#### Records for the task ####
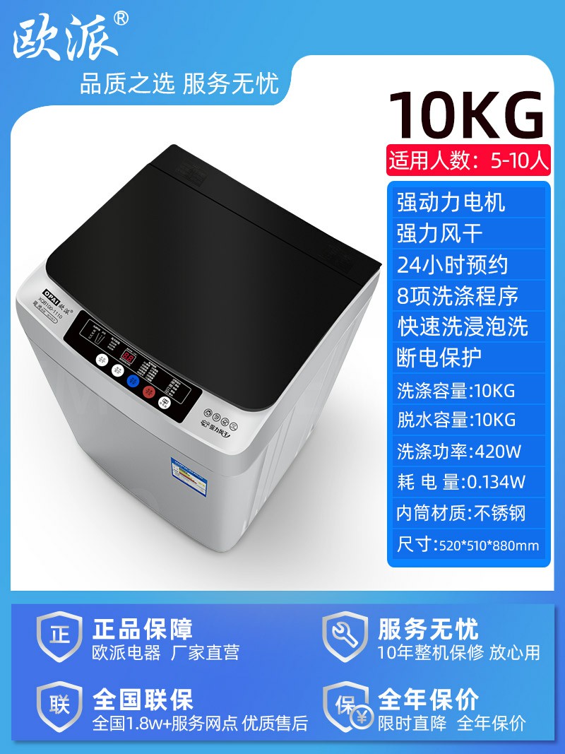 10kg-歐派洗衣機(jī)全自動波輪10公斤租房家用小型迷你嬰兒烘干脫水一體機(jī)
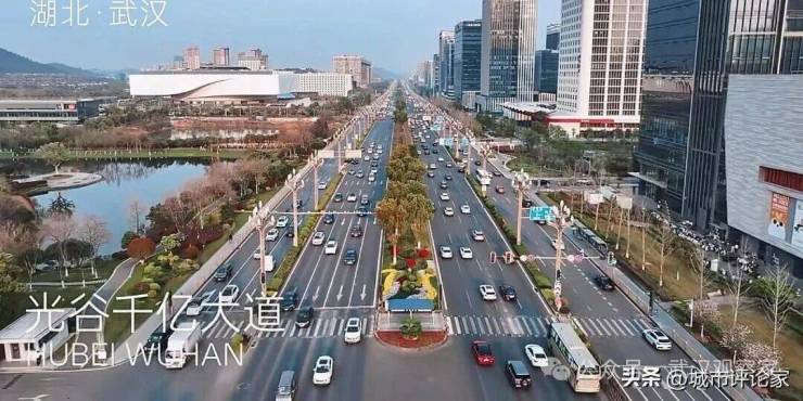 这条大道双向14车道,道路超级宽敞,硬件设施武汉一流,高新大道两旁分布了诸多企业总部、高科技产业园和商业体,展现出蓬勃的发展活力。
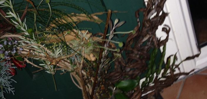 I cut the Magnolia where it reaches into the driveway and find one of last year’s Hydrangea heads, almost translucent now. Branches from the Airforce blue conifer. A small twig from one of the cherry trees fuzzy with pale green lichen; a still gleaming chestnut. Three orange red Astralomeria. Rosemary and Olive from the paddocks. And one of the improbable pale pink blossoms the dying Cherry tree is displaying.
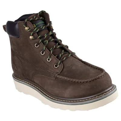 AmazonFrom the Skechers x John Deere collection Lace-up leather upper with padded collar Classic moc toe work boot design Skechers Air-Cooled Memory Foam cushioned comfort insole Goodyear welt construction for added durability
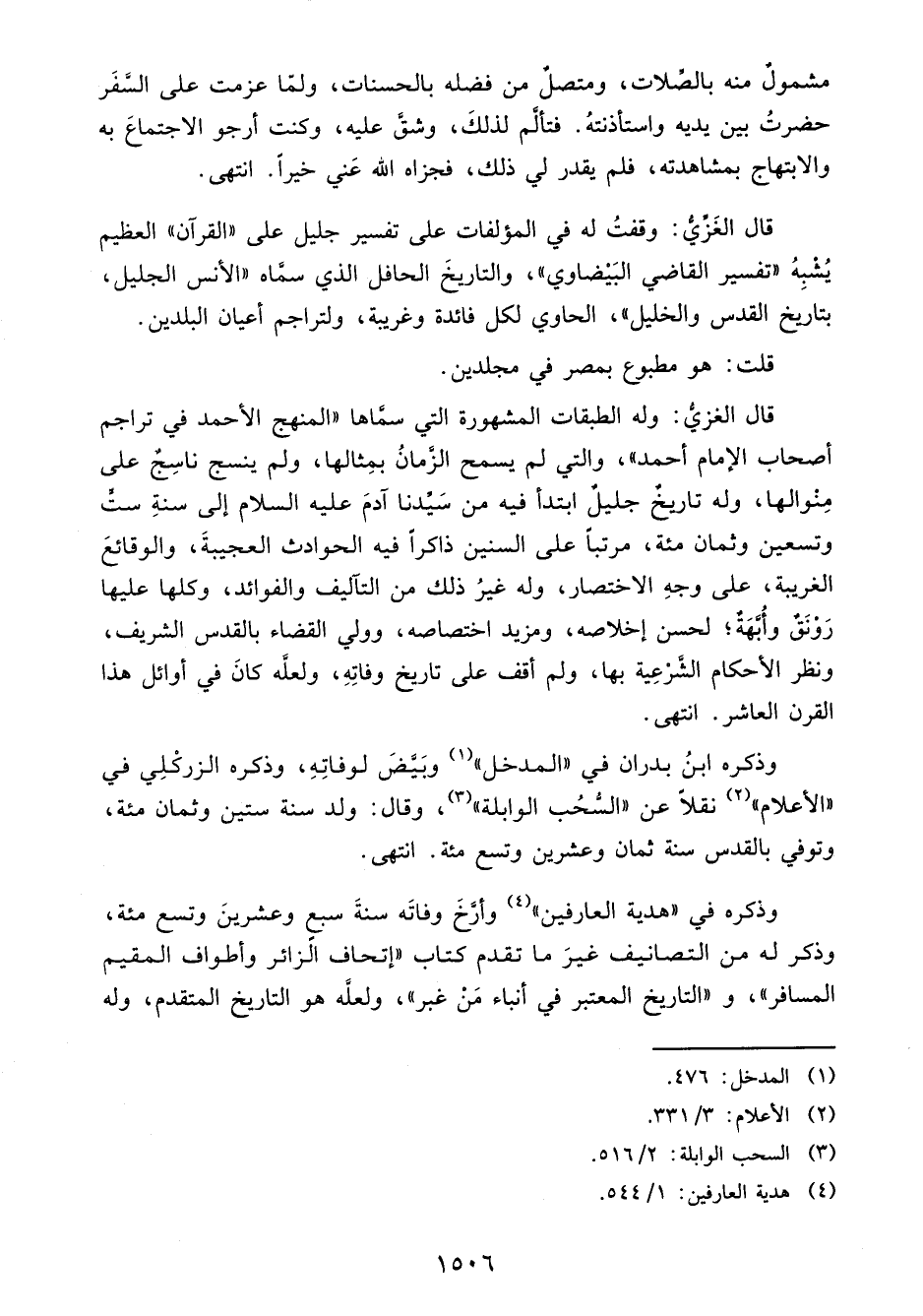 وذكره ابنُ بدران في "المدخل" (¬1) وبَيَّضَ لوفاتِهِ، وذكره الزركْلِي في "الأعلام" (¬2) نقلًا عن "السُّحُب الوابلة" (¬3)، وقال: ولد سنة ستين وثمان مئة، وتوفي بالقدس سنة ثمان وعشرين وتسع مئة. انتهى.
####
* _Task description_:
In your copy of the records above, include every line exactly but no pictures.

* _Solution to this exercise_:
 10kg-歐派洗衣機(jī)全自動波輪10公斤租房家用小型迷你嬰兒烘干脫水一體機(jī)
 这条大道双向14车道,道路超级宽敞,硬件设施武汉一流,高新大道两旁分布了诸多企业总部、高科技产业园和商业体,展现出蓬勃的发展活力。
 I cut the Magnolia where it reaches into the driveway and find one of last year’s Hydrangea heads, almost translucent now. Branches from the Airforce blue conifer. A small twig from one of the cherry trees fuzzy with pale green lichen; a still gleaming chestnut. Three orange red Astralomeria. Rosemary and Olive from the paddocks. And one of the improbable pale pink blossoms the dying Cherry tree is displaying.
 AmazonFrom the Skechers x John Deere collection Lace-up leather upper with padded collar Classic moc toe work boot design Skechers Air-Cooled Memory Foam cushioned comfort insole Goodyear welt construction for added durability
 وذكره ابنُ بدران في "المدخل" (¬1) وبَيَّضَ لوفاتِهِ، وذكره الزركْلِي في "الأعلام" (¬2) نقلًا عن "السُّحُب الوابلة" (¬3)، وقال: ولد سنة ستين وثمان مئة، وتوفي بالقدس سنة ثمان وعشرين وتسع مئة. انتهى.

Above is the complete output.